* _WHAT IS NEEDED_:
Output each record verbatim, with pictures left out.

Data records
══════

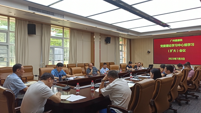 7月3日,廣州健康院召開黨委理論學習中心組學習擴大會,學習貫徹習近平新時代中國特色社會主義思想,專題學習習近平《論科技自立自強》,黨委書記段子淵主持會議。
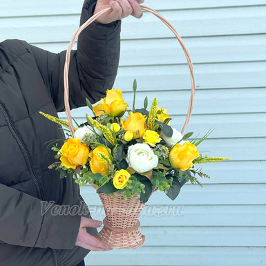 - Материалы: плетёная корзина (лоза), искусственные текстильные розы, декоративная зелень;
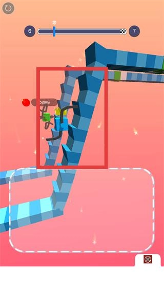 2、向【7】终点行进时,用绘制的腿部适配【蓝色阶梯地形】,避开阻碍保持移动节奏。
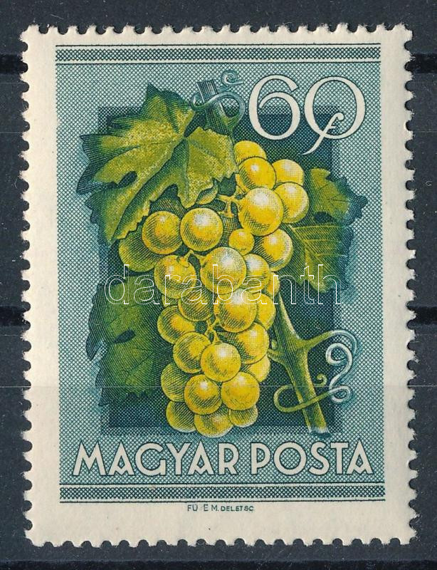 1954 Gyümölcsök (I.) 60f a tervező nevéből hiányzik az "L" betű (FÜ E) tévnyomat. Postatisztán rikta!
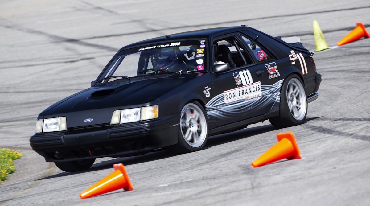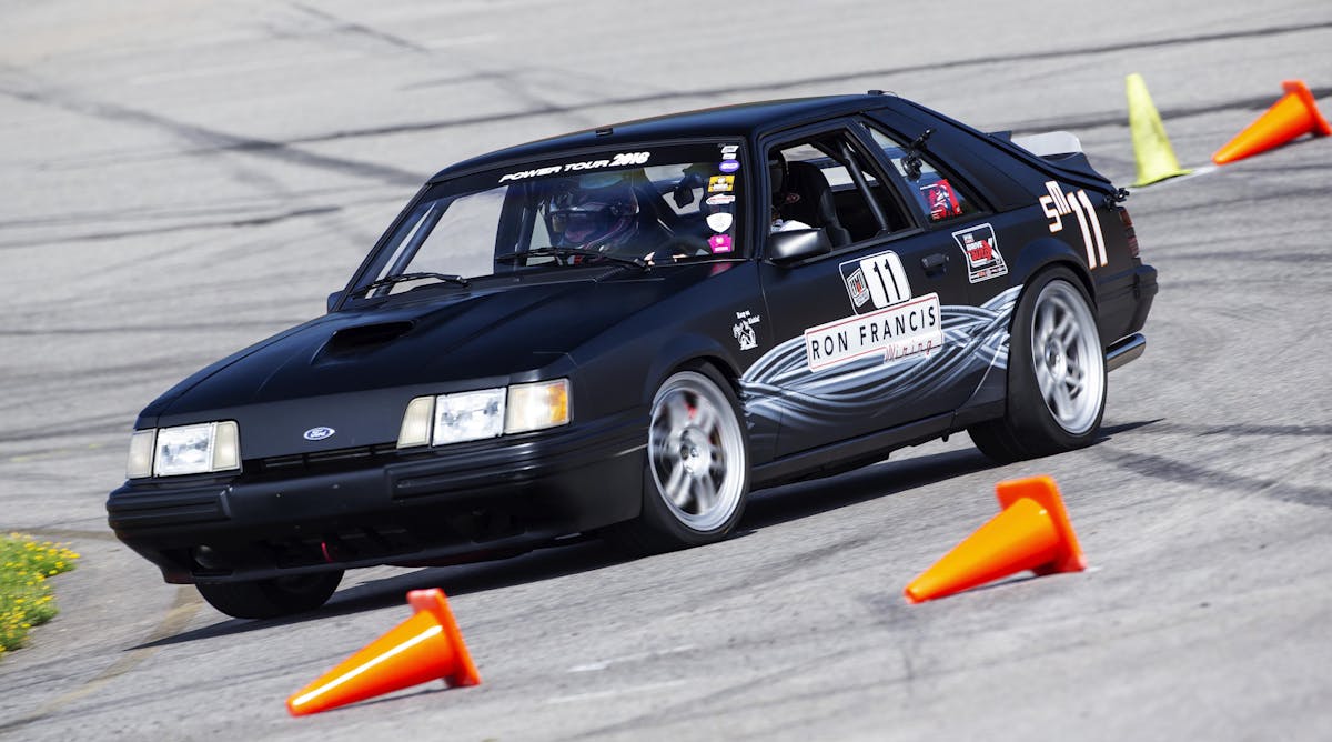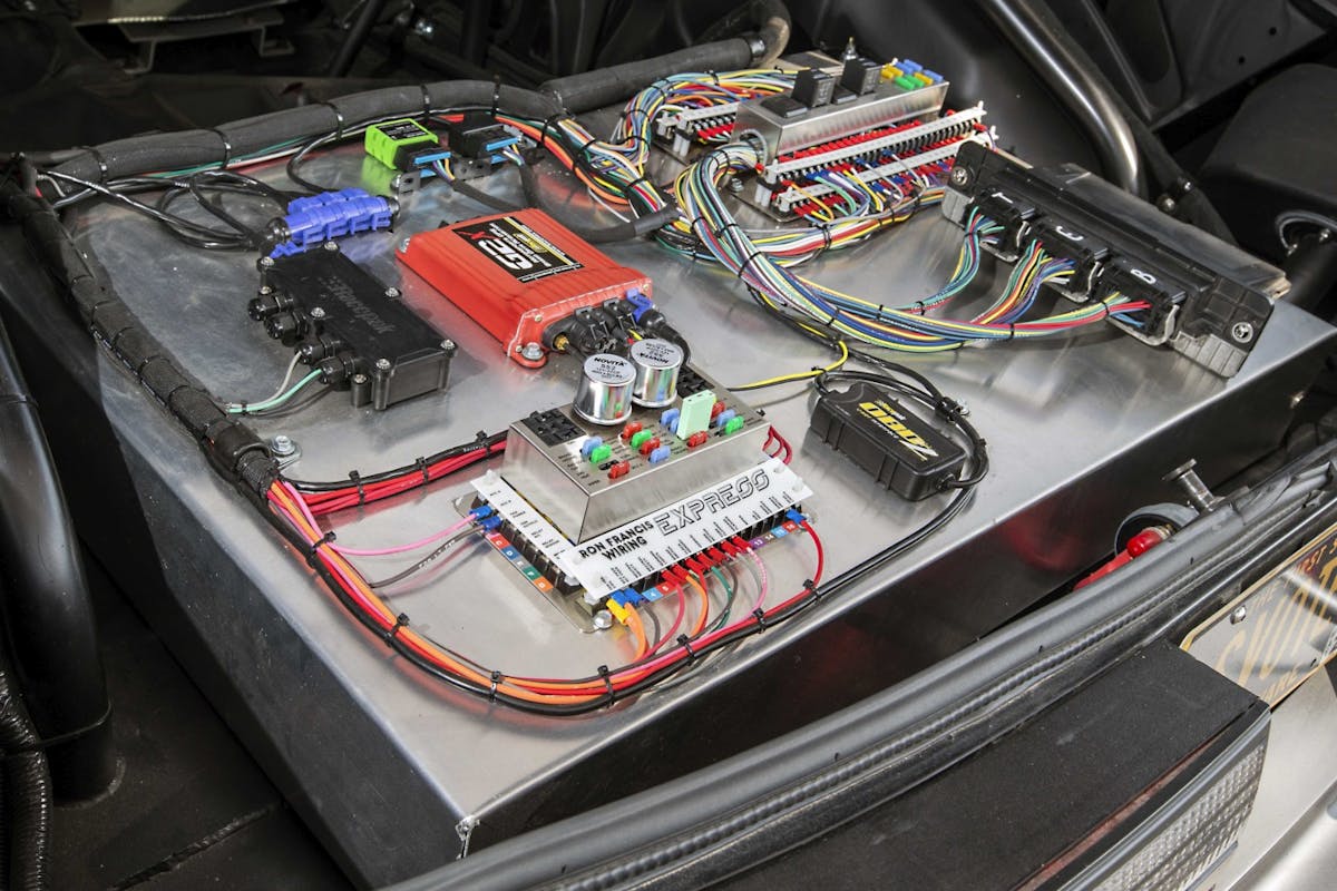 The Coyote-swapped SVO has become a display vehicle and proving ground for Ron Francis Wiring. “This car is totally streetable and it spends time at Goodguys autocrosses and UMI events,” said Scott. The wiring display plate in the hatch area of the vehicle serves two purposes: ease of access and it’s a great promotional tool. “Folks want to see what a fuel injection harness looks like,” said Scott. “So we show it all to them. They ECU everything.” When it comes to the big Coyote in the small Fox-body Scott says thermally, there are no issues with the car. “I drive this car all over, I don’t feel any heat coming through the firewall and I don’t even have any Dynamat in the car.”
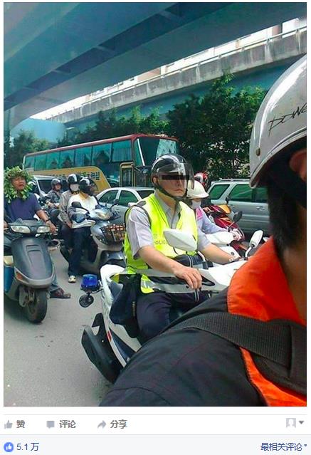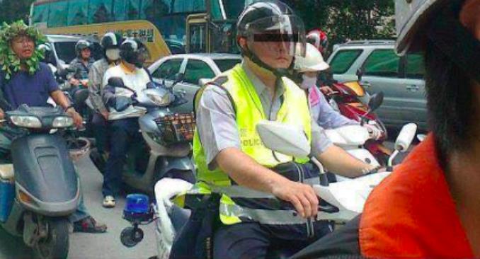 粉絲專頁「小老婆汽機車資訊網」之前就分享了一張照片,照片中前面的警察正在等紅燈,後面卻有名中年男子沒戴安全帽,只不過為了逃過警察的法眼,他竟然選擇這樣做。
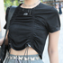 短い丈のTシャツ+ハイウエストの組み合わせが好きでよくこのスタイルをしています。その中で気に入って買いました。流行っているなとは思っています。いまのPAGEBOYはストリートトレンドが多いです。ストリートスタイルが好き。パンツはよくはくし、すごく気に入っています。何にでも合わせられるシルエットが好きです。Tシャツのシャーリングは調節が効きます。他に、白で横シャーリングのものを持っています。

══════

* _ANSWER BELOW_:
 7月3日,廣州健康院召開黨委理論學習中心組學習擴大會,學習貫徹習近平新時代中國特色社會主義思想,專題學習習近平《論科技自立自強》,黨委書記段子淵主持會議。
 - Материалы: плетёная корзина (лоза), искусственные текстильные розы, декоративная зелень;
 2、向【7】终点行进时,用绘制的腿部适配【蓝色阶梯地形】,避开阻碍保持移动节奏。
 1954 Gyümölcsök (I.) 60f a tervező nevéből hiányzik az "L" betű (FÜ E) tévnyomat. Postatisztán rikta!
 The Coyote-swapped SVO has become a display vehicle and proving ground for Ron Francis Wiring. “This car is totally streetable and it spends time at Goodguys autocrosses and UMI events,” said Scott. The wiring display plate in the hatch area of the vehicle serves two purposes: ease of access and it’s a great promotional tool. “Folks want to see what a fuel injection harness looks like,” said Scott. “So we show it all to them. They ECU everything.” When it comes to the big Coyote in the small Fox-body Scott says thermally, there are no issues with the car. “I drive this car all over, I don’t feel any heat coming through the firewall and I don’t even have any Dynamat in the car.”
 粉絲專頁「小老婆汽機車資訊網」之前就分享了一張照片,照片中前面的警察正在等紅燈,後面卻有名中年男子沒戴安全帽,只不過為了逃過警察的法眼,他竟然選擇這樣做。
 短い丈のTシャツ+ハイウエストの組み合わせが好きでよくこのスタイルをしています。その中で気に入って買いました。流行っているなとは思っています。いまのPAGEBOYはストリートトレンドが多いです。ストリートスタイルが好き。パンツはよくはくし、すごく気に入っています。何にでも合わせられるシルエットが好きです。Tシャツのシャーリングは調節が効きます。他に、白で横シャーリングのものを持っています。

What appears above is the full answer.